The authors restrict the number of example neurons, whose recorded activities are inputted to the overall architecture, to five neurons without an explanation of why the input neuron number was kept low. Providing a rationale for limiting the number of input neurons to five as well as an explanation of how the results of the authors' method change with varying input neuron number would be greatly appreciated.
The authors state that they fixed the hyperparameters for all methods across the two data sets used in the experiments due to the limited number of labels for evaluation for the cell-type classification task. It is unclear whether this choice led to fair performance comparisons among the state-of-the-art methods. It would help to know that separate hyperparameter optimization among the different methods and data sets would not yield different results. Providing a brief analysis on the sensitivity of the results and the overall performance to variations in specific hyperparameters will notably strengthen the claims made in this paper.
Minor comments:
There seems to be a citation error or a missing preposition in Section 1 when the authors cite IBL et al.
Radford et al. 2021 to Radford et al., 2021 in Section 4
Table 6 is non-existent in Section 6.1. The authors may be referring to Table 1.
There seems to be a citation error or a missing preposition in Section 6.3 when the authors cite Chen et al. (2020).
Figure 5 (b) caption's word "then" should be changed to "than."
In Section 7, the phrase "should also be useful these down-stream tasks" should be changed to "should also be useful in these down-stream tasks."
问题
The waveform template is restricted to one channel with maximal amplitude and multi-channel template results are shown in Supplement E. What exactly is the definition of a channel in this context?
Why was additive Gaussian noise chosen as the sole data augmentation?
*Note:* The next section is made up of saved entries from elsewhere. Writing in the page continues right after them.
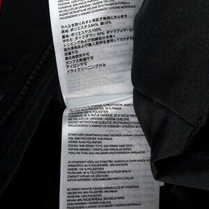 Composition: Shell: 84% polyester, 16% cotton. Lining: 100% polyester. Fill: 80% duck down, 20% duck feather.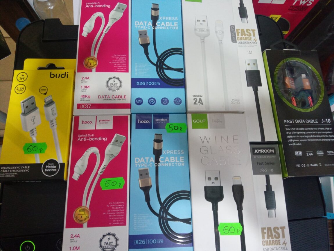 В ассортименте micro usb, type c, lighting.
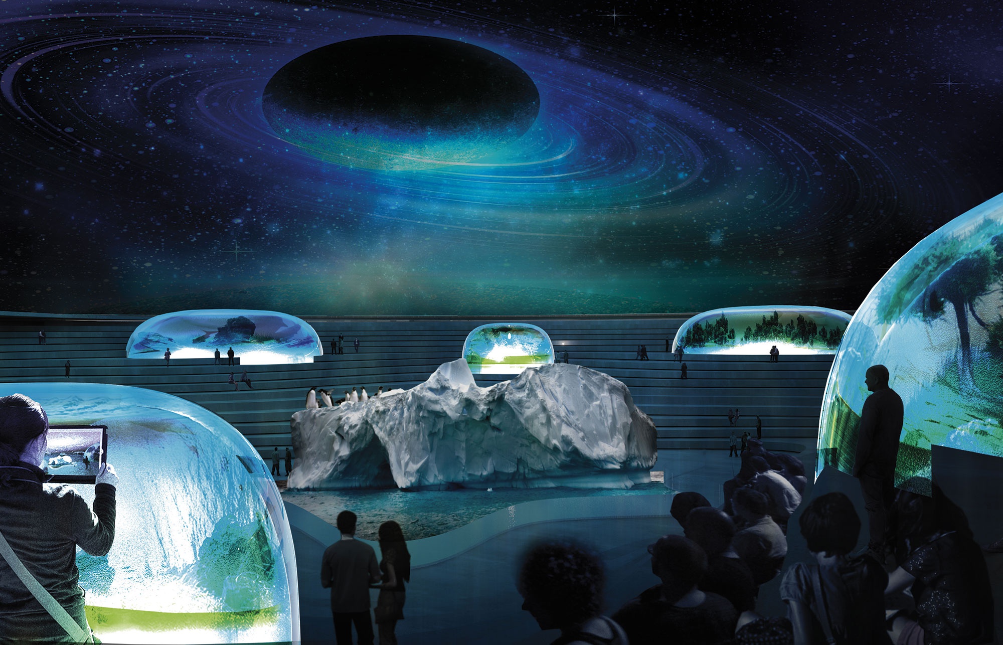 水族馆本身将由八个圆柱形透明生物穹顶组成,代表四大洋和四海,而北极和南极则由中庭中心的一座冰山表示。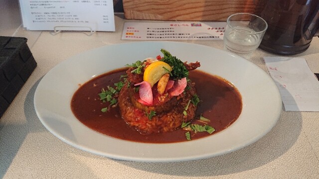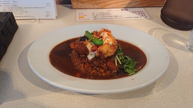 今日で最終のメニューの自家製能登牛入バーグカツカレー 有機野菜入 特盛 チョイ辛を(^o^)

Can a brief rationale for this specific choice be included in the paper? The authors demonstrate that adding two template augmentations: amplitude jitter and electrode dropout does not significantly improve the performance of the two downstream classification tasks. How do other data augmentation types impact the performance and results?
We thank the reviewer for the thoughtful comments and suggestions. We appreciate that the reviewer believes that NEMO will be useful for systems neuroscientists; This is our hope as well!
Additional experiments and figures
- We agree that the description of the architectures was too limited so we have added a schematic of the encoder architectures in Supplement Figure 2.
- We chose 5 neurons per depth as an initial starting point to evaluate the contribution of multi-neuron ensembling. We agree with the reviewer that this analysis could be improved so we ran an additional experiment where we vary the number of neurons from 3 - 25 for brain region classification. Please see the overall response for more details.
- To understand the sensitivity of NEMO and the VAE baseline to hyperparameters, we are currently running a grid search over the learning rate, dropout, and embedding dimension for the UHD cell-type classification dataset. We plan to add this to the supplement once it finishes running and we will update the rebuttal accordingly.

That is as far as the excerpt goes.